Further, in the health care context, the Health Insurance Portability and Accountability Act of 1996 (HIPAA) governs the use and disclosure of “protected health information,” which is essentially any identifiable health information.[9]  There are two methods under HIPAA to de-identify information (statistical analysis and removal of specific identifiers), but both hinge on there being “no reasonable basis to believe that the information can be used to identify an individual.”[10]

Whether a research study involves identifiable private information or biospecimens implicates the need to obtain a patient’s written informed consent to a study and the Common Rule provides significantly more flexibility to researchers investigating non-identifiable private information and biospecimens.  Similarly, the stringent requirements of HIPAA, applicable to “covered entities” and their “business associates,” are triggered by whether the health information to be accessed, used or disclosed is identifiable.  Notably, both regulatory schemes employ flexible definitions of what is “identifiable.”

The general concern raised by the Mayo Clinic findings, namely that information or biospecimens that once may have been considered de-identified or non-identifiable can become identifiable through the advance or new application of technology, are not unique to this recent facial recognition analysis finding.  For example, the prevalence of faster and cheaper genetic sequencing technology was at least one reason for recent changes to the Common Rule allowing researchers to obtain a more flexible “broad consent” from research subjects as such consent relates to the storage, maintenance and secondary research use of identifiable private information or biospecimens.[11]  Misuse of genetic information also prompted legislators in the United States to act over a decade ago to prevent the use of such information in certain discriminatory manners.[12]

Policy and rule changes, however, do not change the fact that the Mayo Clinic findings confirm that advances in, and the proliferation of, technology (like facial recognition software) paired with the widespread use of algorithmic-based data science will create ever more privacy “attack vectors.”  Researchers, clinical sponsors, institutional review boards (IRBs) and health care providers should be both forward thinking in their collection, storage and dissemination of potentially identifiable information and biospecimens and reactive when changes in technology, law or regulations require action on their part to protect individuals’ privacy.

[1] Christopher G. Schwarz, Ph.D., et al., Letter to the Editor, Identification of Anonymous MRI Research Participants with Face-Recognition Software, 381 New Eng.
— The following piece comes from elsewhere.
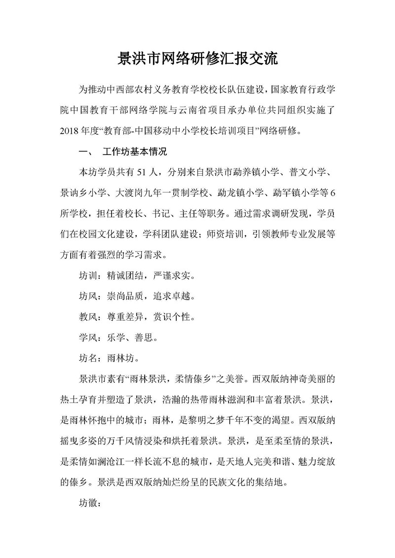 【雲南】教育部——中國移動中小學校長培訓項目-景洪7坊彙報材料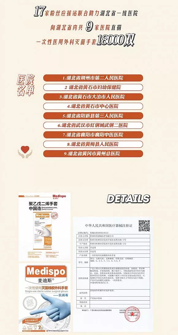 第一批1.2万双一次性医用灭菌外科手套是刘宪华小C应援站的粥粥找到的。找到资源的那天正值除夕,我们扫完了厂商的所有可供现货,并在当天发出,隔天就到达了武汉的医院。之后我们又在网络上找到了1000份面罩。第二批手套的货源来自于韩娱站子JSHINE李钟硕。现在我们即将从海外运回的8200套防护服来自于肖战公益站小爱的朋友。

J. Med. 17, 1684 (2019), https://www.nejm.org/doi/full/10.1056/NEJMc1908881.

[2] Id.

[3]Gina Kolata, You Got a Brain Scan at the Hospital. Someday a Computer May Use It to Identify You. N.Y. Times, Oct. 23, 2019, https://www.nytimes.com/2019/10/23/health/brain-scans-personal-identity.html.

[4] Supra n.1.

[5] Id.

[6] See 45 C.F.R. § 46.102.

[7] 45 C.F.R. § 46.102.

[8] Id.

[9] See 45 C.F.R. § 160.103.

[10] See 45 C.F.R. § 164.514.

[11] See Celia B. Fisher and Deborah M. Layman, Genomics, Big Data, and Broad Consent: a New Ethics Frontier for Prevention Science, 19 Prevention Science 7 (2018), https://www.ncbi.nlm.nih.gov/pmc/articles/PMC6182378/pdf/11121_2018_Article_944.pdfsee also 45 C.F.R. § 46.116.

[12] See The Genetic Information Nondiscrimination Act of 2008, Pub. L. No 110-233, 122 Stat. 881 (2008).